To create the twelve different ROSCA contracts, researchers randomly selected two components:

  • When women received the lump sum: Women could receive the payout on day one, day three, day four, or day six. This randomly offered some women credit products (those receiving payments earlier) and others commitment saving products (those receiving payments later).
  • Repayment amounts and interest rates: Individuals could have contracts with no interest, -10 percent interest, or +10 percent interest. The payout was PKR 1000 (US$9.36) for individuals with zero interest, PKR 900 (US$8.42) for individuals with -10 percent interest, and PKR 1,100 (US$10.29) for individuals with +10 percent interest. Women who accepted the relatively expensive negative interest rate options would do so if they found it important to access lump sums.

In each of the three weeks, women were randomly offered a variation of the ROSCA-style contract. Thus, the same woman could in theory be offered a different credit or a savings product depending on the week. Researchers measured take-up along with women’s interest in a lump-sum purchase or investment and their ability to hold cash balances.

Results and policy lessons

The majority of women had high demand for large lump-sum payments while also struggling to save. As estimated in a model, 67 percent of women had difficulty in holding cash from day to day. Of those women, about 55 percent also have a high demand for a large purchase or investment.

Overall demand for both financial products was high, and women had simultaneous interest in both commitment savings and credit products. Across all types of financial products offered, the average take-up rate was approximately 65 percent. Over three rounds in which women were offered financial products, 53.4 percent accepted both a credit product and a savings product. The simultaneous demand for commitment savings and credit products suggest that commitment saving devices and credit are interchangeable for many clients: both allow them to make a lump-sum payment and pay for it in small, regular deposits.

Households with non-salaried laborers had greater take-up of financial products compared to households with laborers who earned salaries. For example, households with only non-salaried laborers used financial products with zero interest 63.0 percent of time, compared to 55.9 percent of households with only salaried laborers (a 13 percent increase). Salaried laborers may use their monthly or bi-weekly wages to make large lump-sum payments, which may decrease their need to rely on financial services to make large purchases. Households with non-salaried laborers, however, may be less able to rely on large income payments and often get paid more frequently in smaller amounts.

Women who expressed either an interest or difficulty in accumulating a lump sum were less responsive to changes in the financial product design. For example, women who expressed interest in saving or investing had larger take-up rates and were less sensitive to the contract terms compared to women who did not express such interest. Women who reported pressure to share money with family or friends were also less influenced by the specifics of the financial product. This suggests that individuals value financial products—whether offered as credit or commitment savings—as a way to protect income for a lump-sum payment.

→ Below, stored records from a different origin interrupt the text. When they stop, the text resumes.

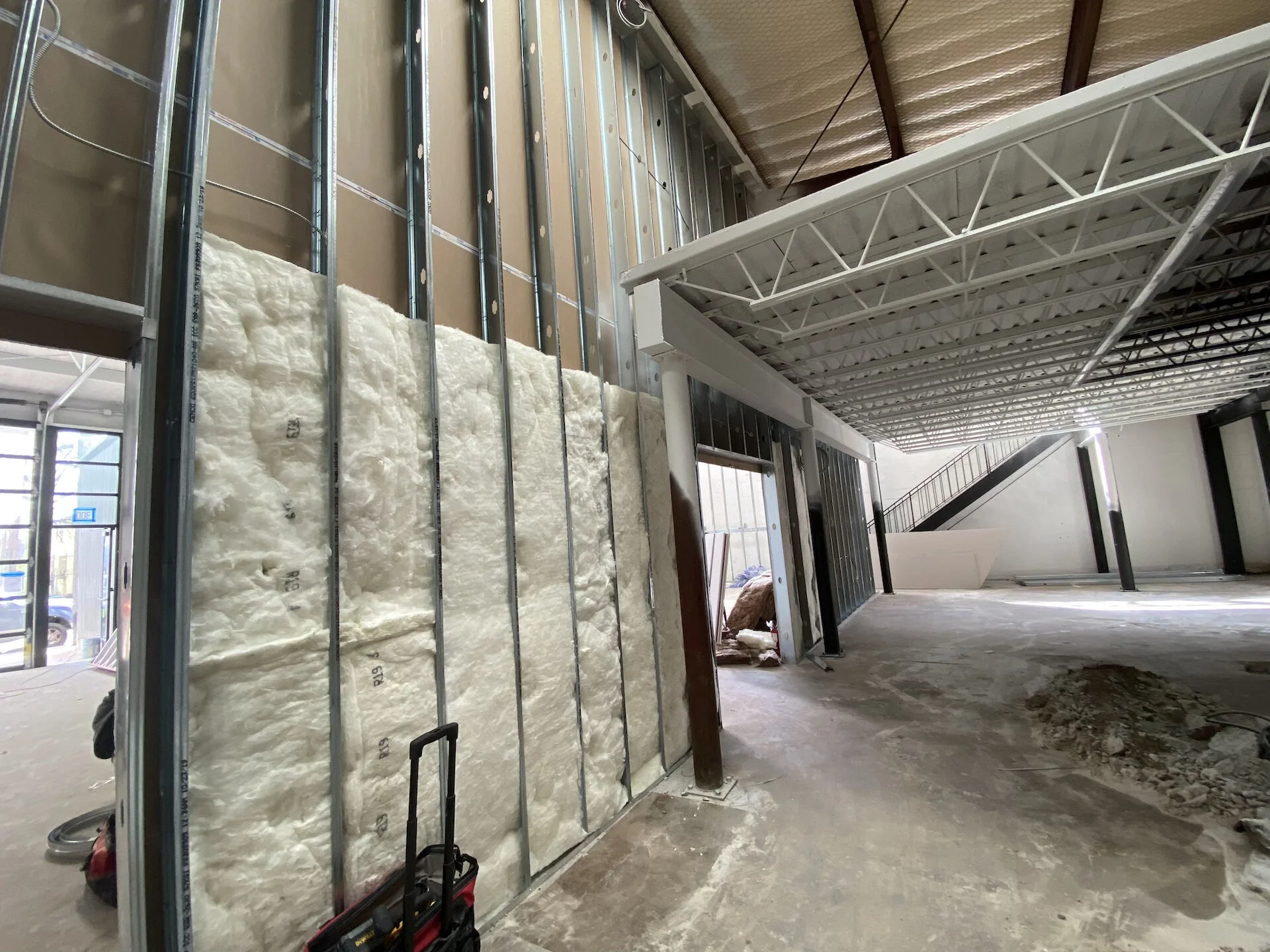 Framing continues. 1 side sheetrock continues. Painting continues. Foundation prep.
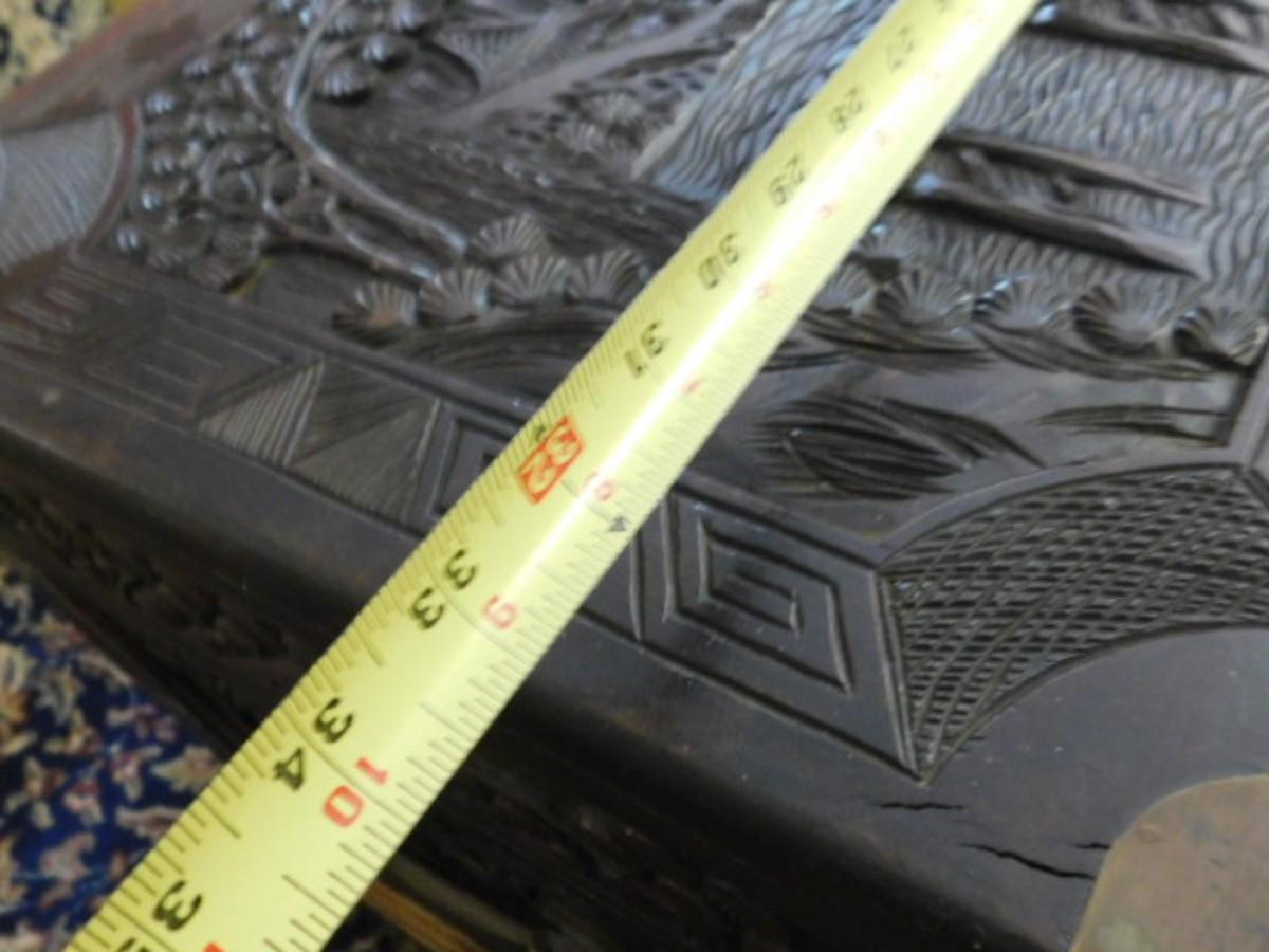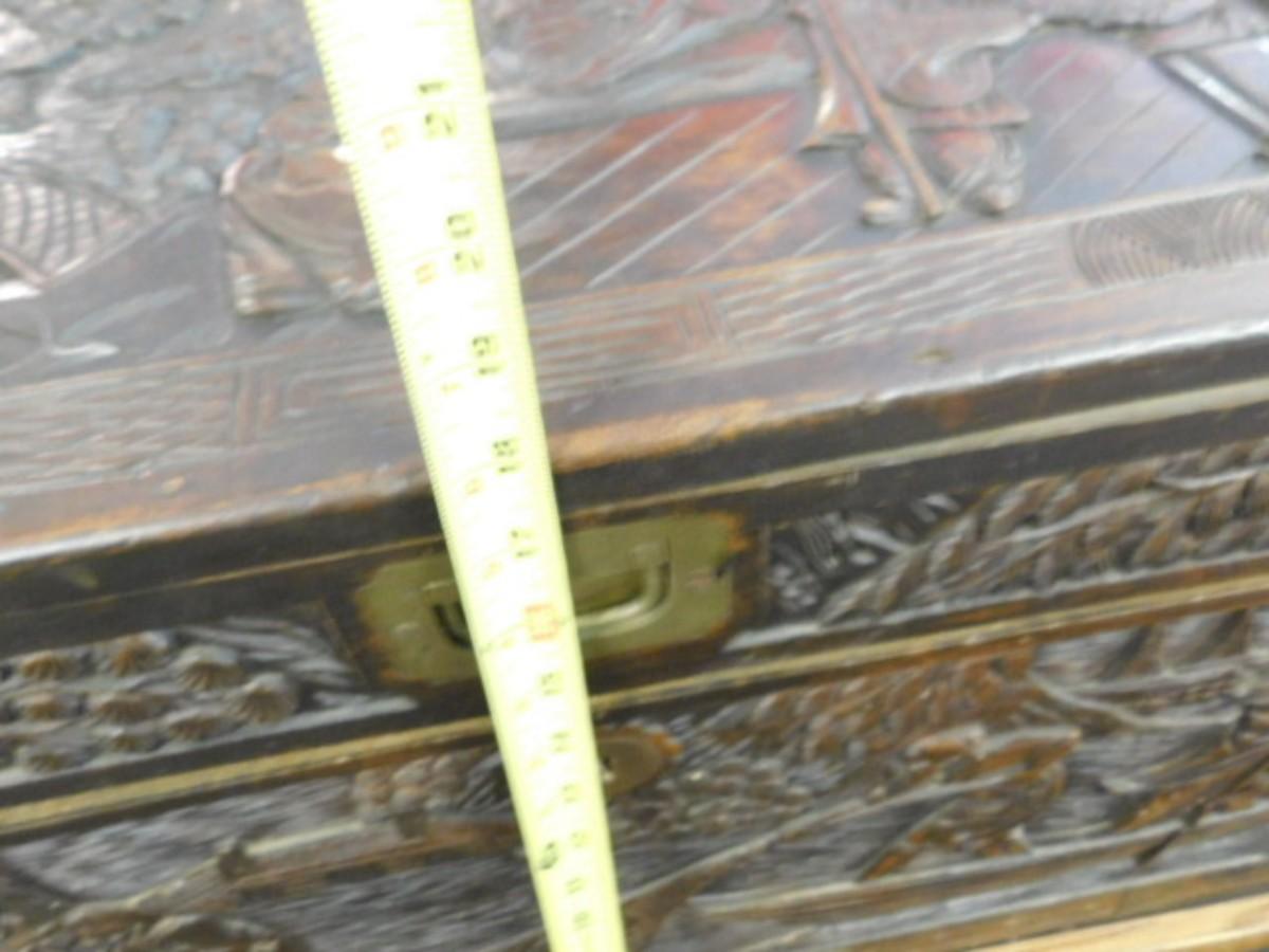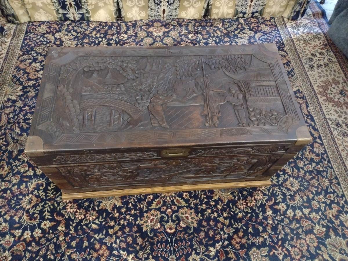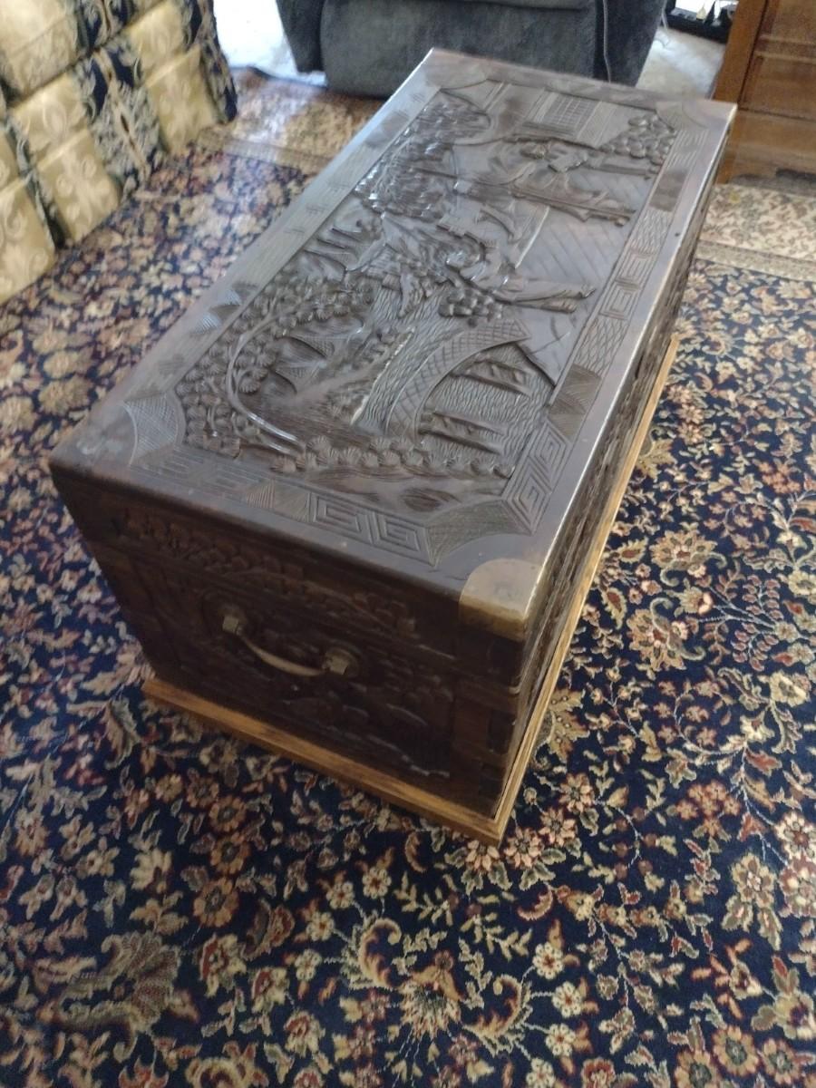Vintage Hand Carved Camphor Wood Trunk with Brass Fixtures and Accents
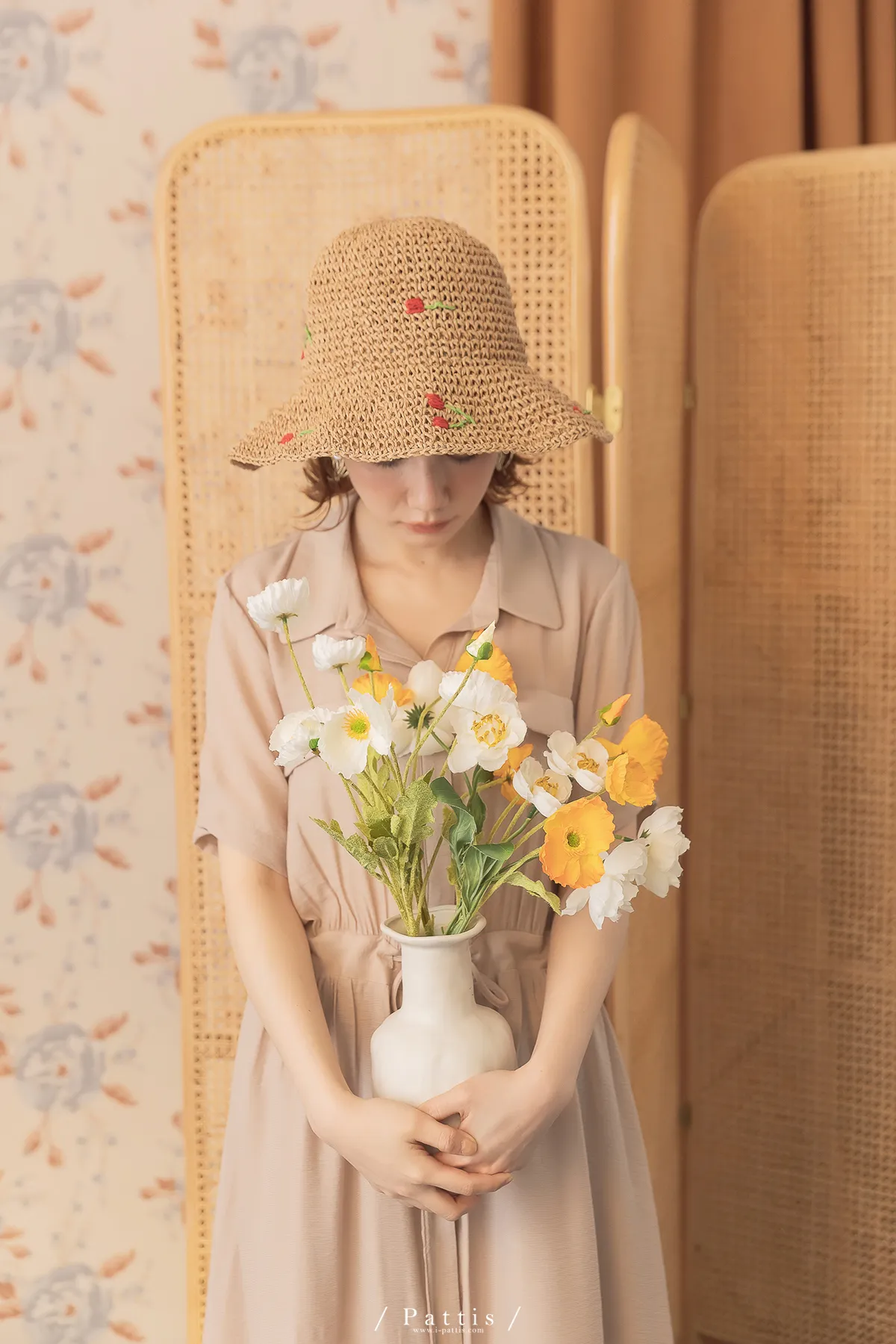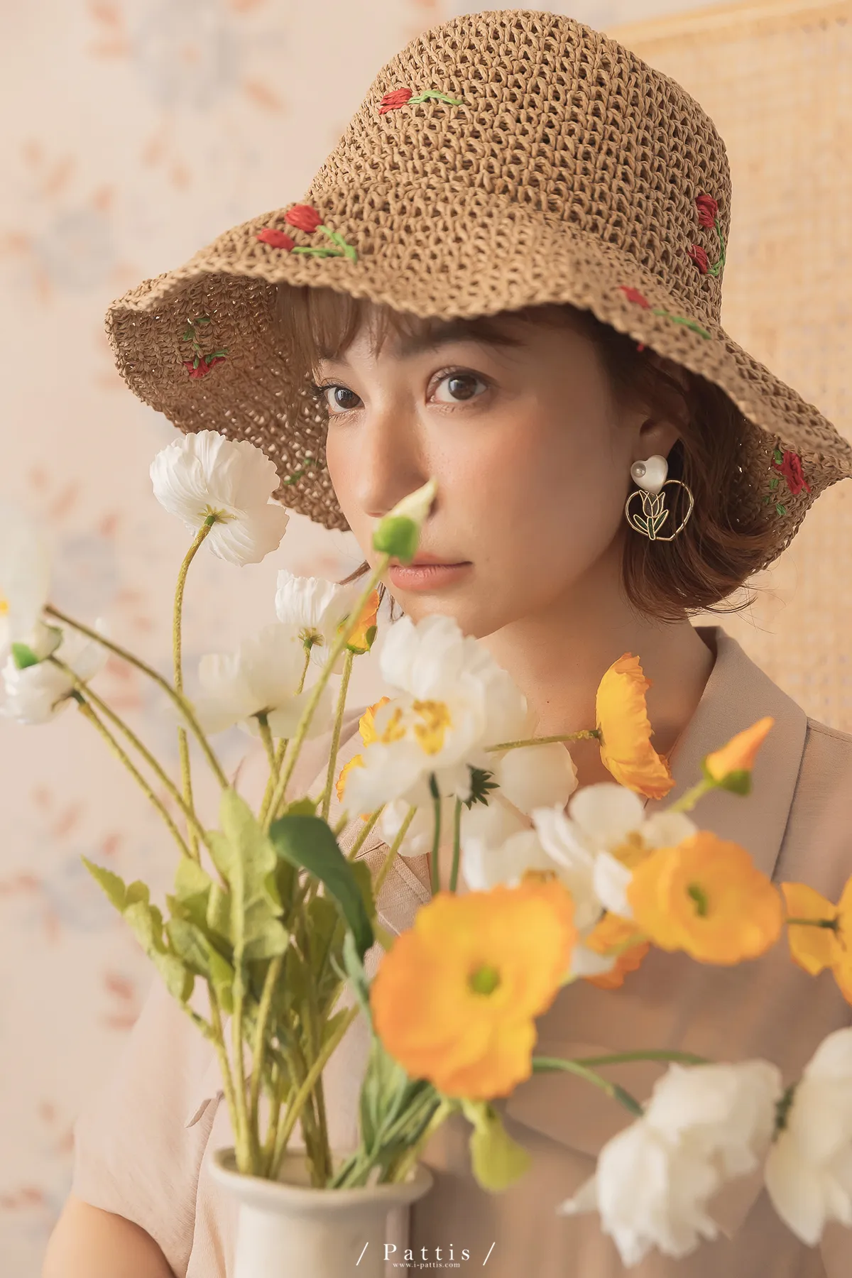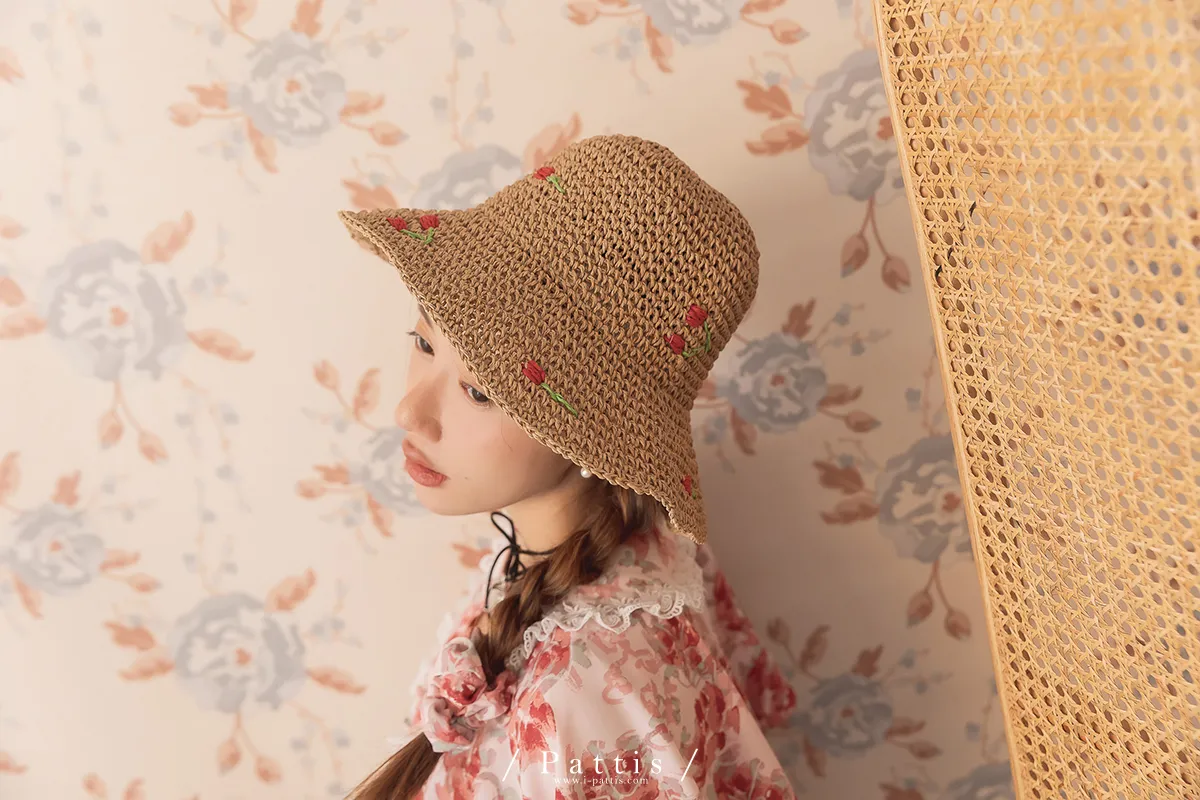 鬱金香刺繡編織草帽(淺杏/深棕)
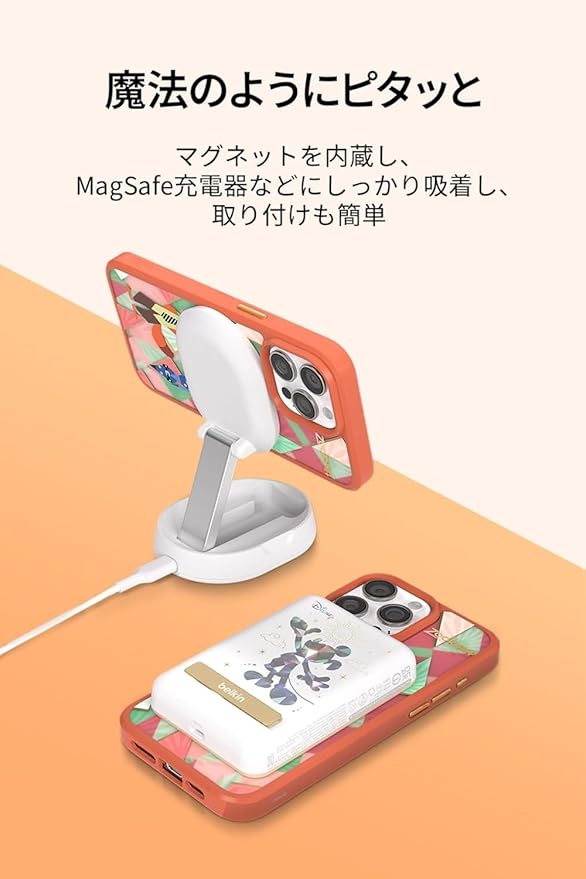 【強力マグネット搭載】ケースにマグネットを搭載し、MagSafe対応の充電器等にしっかり吸着します。
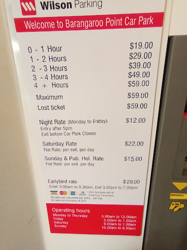 Read moreWilson Parking at Barangaroo Point is fairly average overall. It provides ample parking space, and the location is great for accessing nearby areas, especially Barangaroo and the waterfront. However, the prices are on the higher side, which might not feel worth it for short stays. The signage could also be clearer, as it’s a bit tricky to navigate for first-timers. Staff are helpful, though the automated system can sometimes be confusing. Overall, it’s a convenient option, but not without a few minor frustrations. Just make sure you’re prepared...

Researchers conducted another similar study in the same region of Pakistan in which PKR 500 installments were due weekly instead of PKR 200 due daily. Even though the total amount paid over the course of the week was much lower under this design than with weekly installments, take-up fell by more than 50 percent compared to 65 percent take-up with daily installments. These results support the finding that the population had frequent cash inflows, but struggled to save at home.

Taken together, these results suggest that saving and borrowing are substitutes for many microfinance clients, satisfying the same underlying demand to accumulate lump sums via regular deposits.